Task directions:
Please give again exactly the lines from the top of the material through the line with "Solid Wood Dining"; omit each picture.

Dataset extract:
====

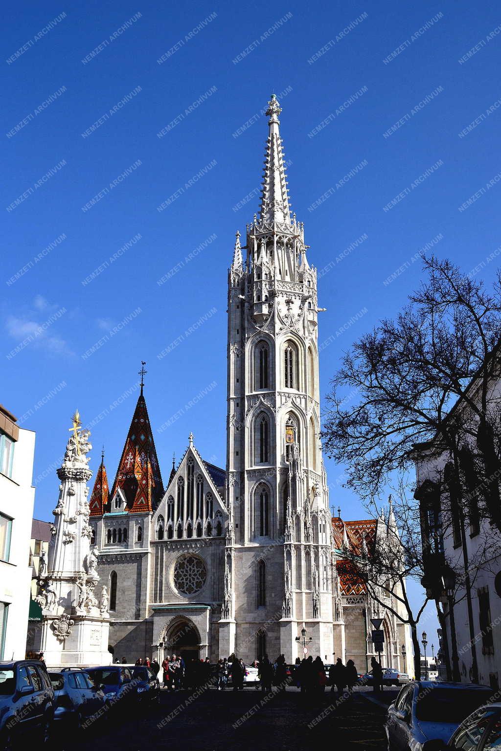 Megújult a Mátyás-templom homlokzata, balra a Szentháromság-szobor. A főváros kiemelt szakrális épületeinek egyikét a rekonstrukció során szó szerint a pincétől a padlásig felújítják. Jelenleg a belső tér rekonstrukciója folyik, a munkálatokat várhatóan 2013. tavaszán fejezik be.
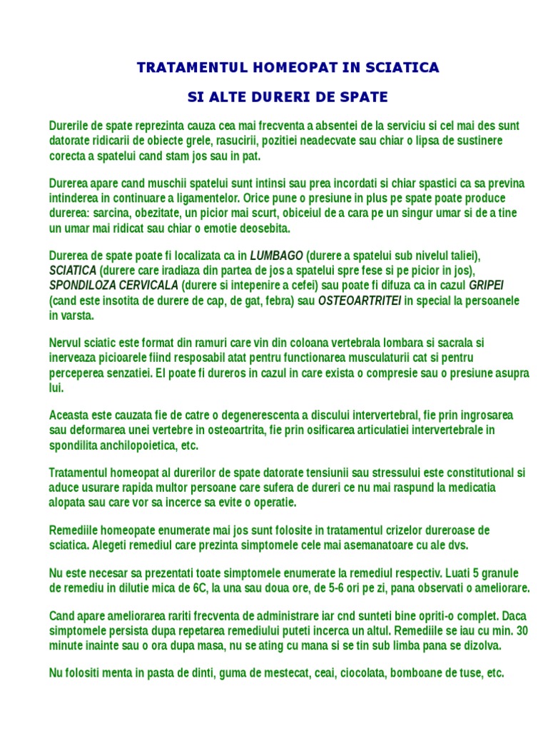 Tratamentul Homeopat In Sciatica Si Alte Dureri De Spate Lumbago Sciatica Spondiloza Cervicala Gripei Osteoartritei
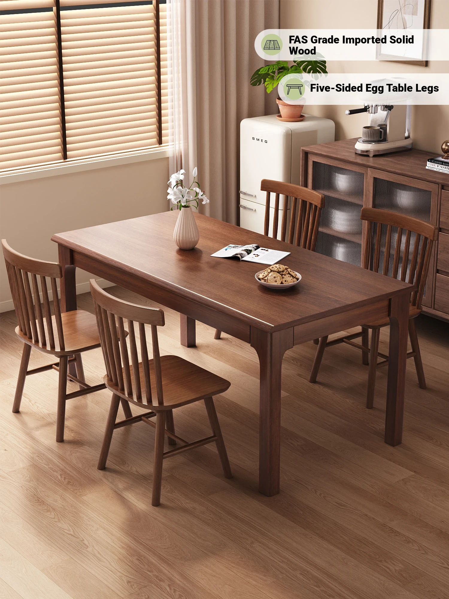 Solid Wood Dining Table for Small Living Spaces - Walnut Finish, Minimalist Rectangular Design, Perfect for Family Meals with Matching Chairs
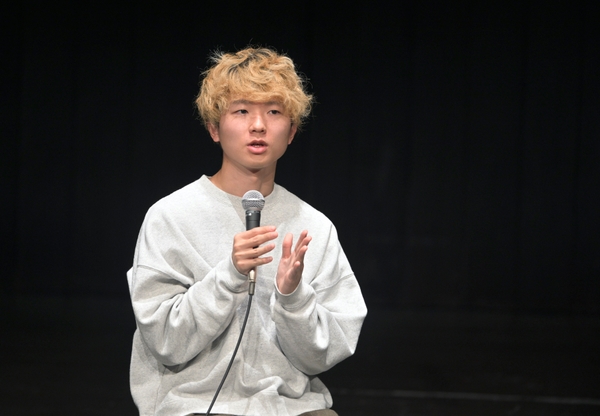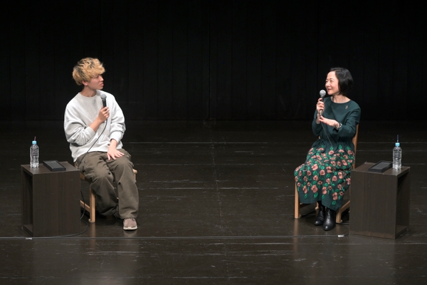 加藤拓也さんは松本で行ったワークショップや、遡ってまつもと市民芸術館総監督の串田和美さんを俳優として迎えた創作についてのエピソードを披露。一方の小川さんは、ミュージカル『レ・ミゼラブル』のツアー最終公演を当館で観劇するために21年秋に訪れたのが初の松本来訪とのこと。加藤さんは現在、松本に滞在しつつ『博士~』の稽古をしており、その疲れを癒すスーパー銭湯のサウナの魅力を熱弁して小川さんと客席の笑いを引き出し、小川さんは今回の訪問で歩いた町の、あちこちに『博士~』のポスターが貼ってあることの嬉しさも語った。

====

Answer section:
 Megújult a Mátyás-templom homlokzata, balra a Szentháromság-szobor. A főváros kiemelt szakrális épületeinek egyikét a rekonstrukció során szó szerint a pincétől a padlásig felújítják. Jelenleg a belső tér rekonstrukciója folyik, a munkálatokat várhatóan 2013. tavaszán fejezik be.
 Tratamentul Homeopat In Sciatica Si Alte Dureri De Spate Lumbago Sciatica Spondiloza Cervicala Gripei Osteoartritei
 Solid Wood Dining Table for Small Living Spaces - Walnut Finish, Minimalist Rectangular Design, Perfect for Family Meals with Matching Chairs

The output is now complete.